Question

How many grams of 70% concentrated nitric acid solution should be used to prepare 250 mL of 2.0M?
A. $45.0g\;conc.\;HN{O_3}$
B. $90.0g\;conc.\;HN{O_3}$
C. $70.0g\;conc.\;HN{O_3}$
D. $54.0g\;conc.\;HN{O_3}$

Answer 1

If we know what is molarity, we can easily find the solution for this question. Molarity is the number of moles of solute dissolved per litre of the solution.

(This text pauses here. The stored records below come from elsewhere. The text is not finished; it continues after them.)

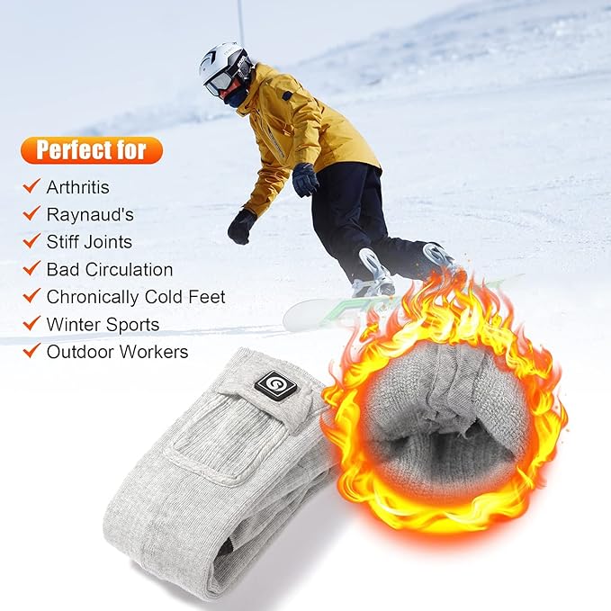 - 【Suitable for Winter Outdoors】Over the calf heated warmer socks are friendly with your ski boots; Coolmax, elastic, and Spandex material provides premium insulation performance while being midweight thickness and soft; the battery heated long socks are perfect for hunting, camping, skiing, skating, snowboarding, fishing, hiking, walking dogs, motorcycle, riding, office or outdoor working, etc.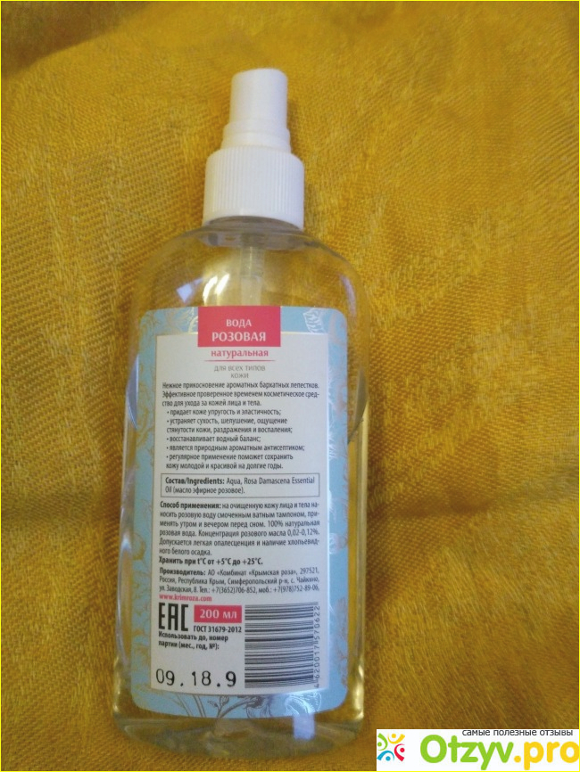 А достигается все благодаря двум компонентам, которые входят в состав этой воды- воде и эфирному маслу розы. Так что можно спокойно называть этот продукт натуральным, ведь химии и всяких добавов в этом пузырьке точно нет.
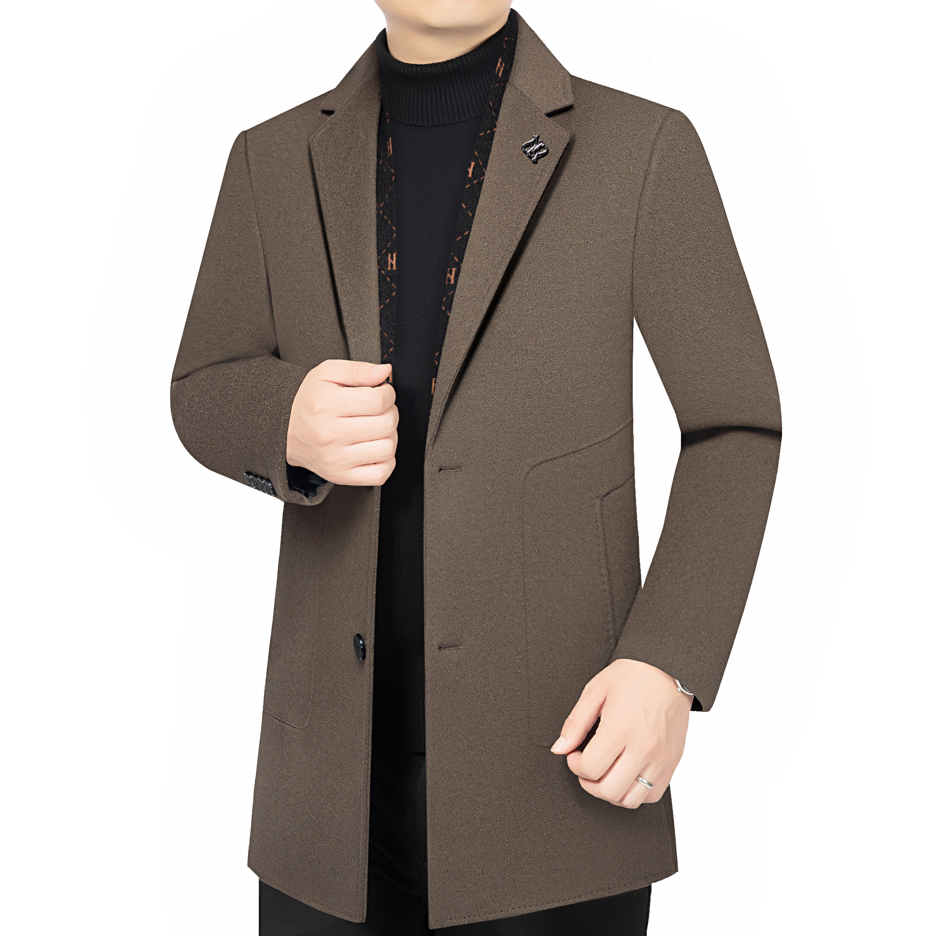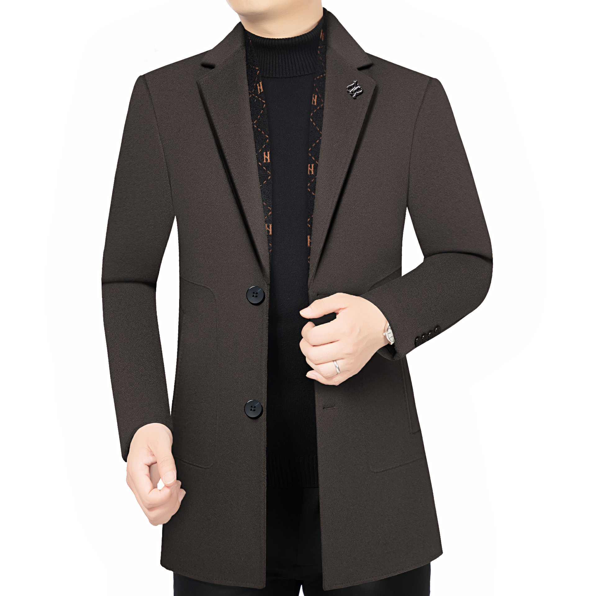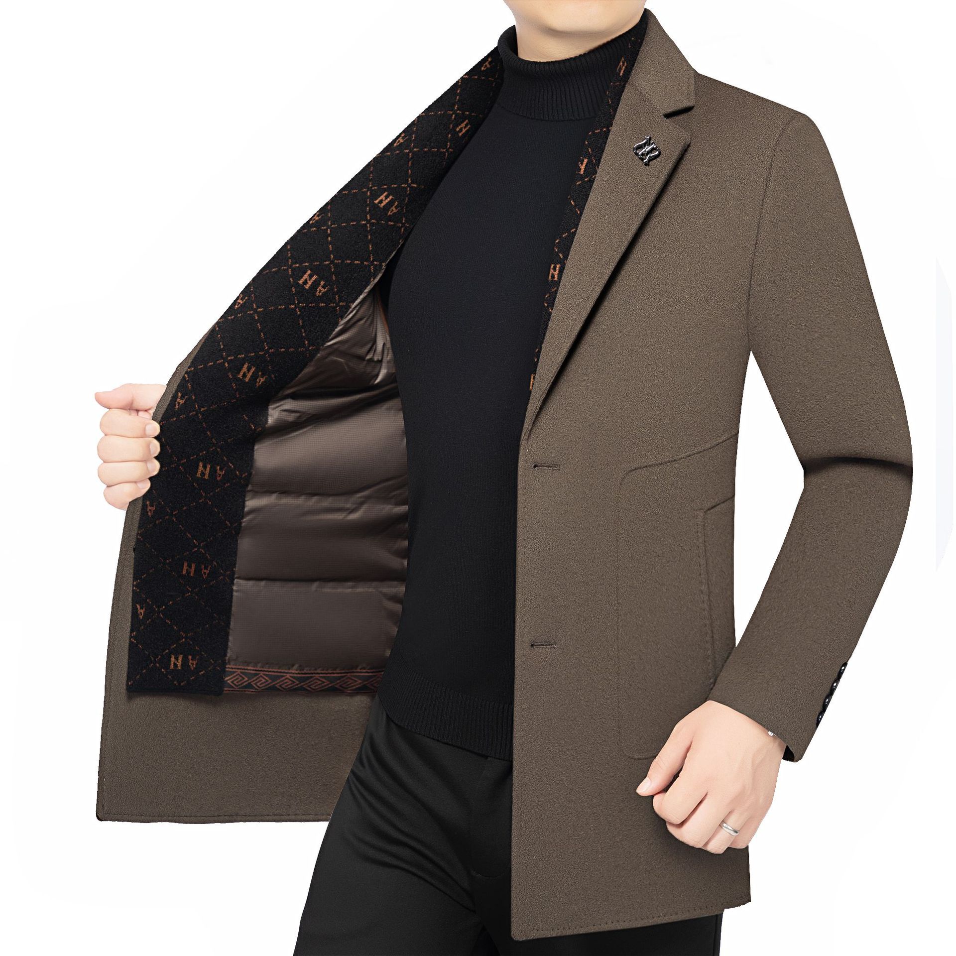 新款冬季爸爸装男装韩版修身中长款水貂毛呢羽绒大衣时尚风衣

Complete step by step solution:
In question it is given that nitric acid has a molarity of 2.0.
So from the definition of molarity, we can get the number of moles of solute present in it.
$Molarity\;\left( M \right) = \dfrac{{Number\;of\;moles\;of\;solute}}{{Volume\;of\;solution\left( L \right)}}$
We have given that we used a solution having 250ml.
i.e.$Volume\; = \;250ml\; = 0.25L$
Therefore, we now know the volume and molarity of the solution. Now to find the number of moles of solute.
$Number\;of\;moles = Molarity \times Volume$
Substituting the values in the equation, we get
$Number\;of\;moles = 2.0 \times 0.25 = 0.5\;moles$
Therefore, the number of moles of solute in solution is 0.5
We know that 1 mole of $HN{O_3}$ contains $1g$ of Hydrogen, $14g$ of Nitrogen, $3 \times 16g$ of Oxygen. So the total mass of $HN{O_3}$ becomes $63g$.
That is 1 mole of $HN{O_3}$ contains $63g$. But we have only 0.5 moles
i.e, $mass\;of\;HN{O_3} = 0.5 \times 63 = 31.5g$
From question it is given that it is 70% concentrated, which means when there is 100g of solution it will have 70g of $HN{O_3}$
i.e, 70g of $HN{O_3}$ are present in the 100g of solution.
So, 1g of $HN{O_3}$ will be present in $\dfrac{{100}}{{70}}g$ of solution
Now, $31.5g$ of $HN{O_3}$ is present.
Then the mass of solution = $31.5 \times \dfrac{{100}}{{70}}$
$= 45g$
The mass of solution is $45g$.

**i.e., Option A is correct.

Note:**
We can use molarity for dilution of a solution
${M_1}{V_1} = {M_2}{V_2}$
Where ${M_1}$ is the initial molarity, ${V_1}$ is initial volume. ${M_2}$ is final molarity and ${V_2}$ is final volume.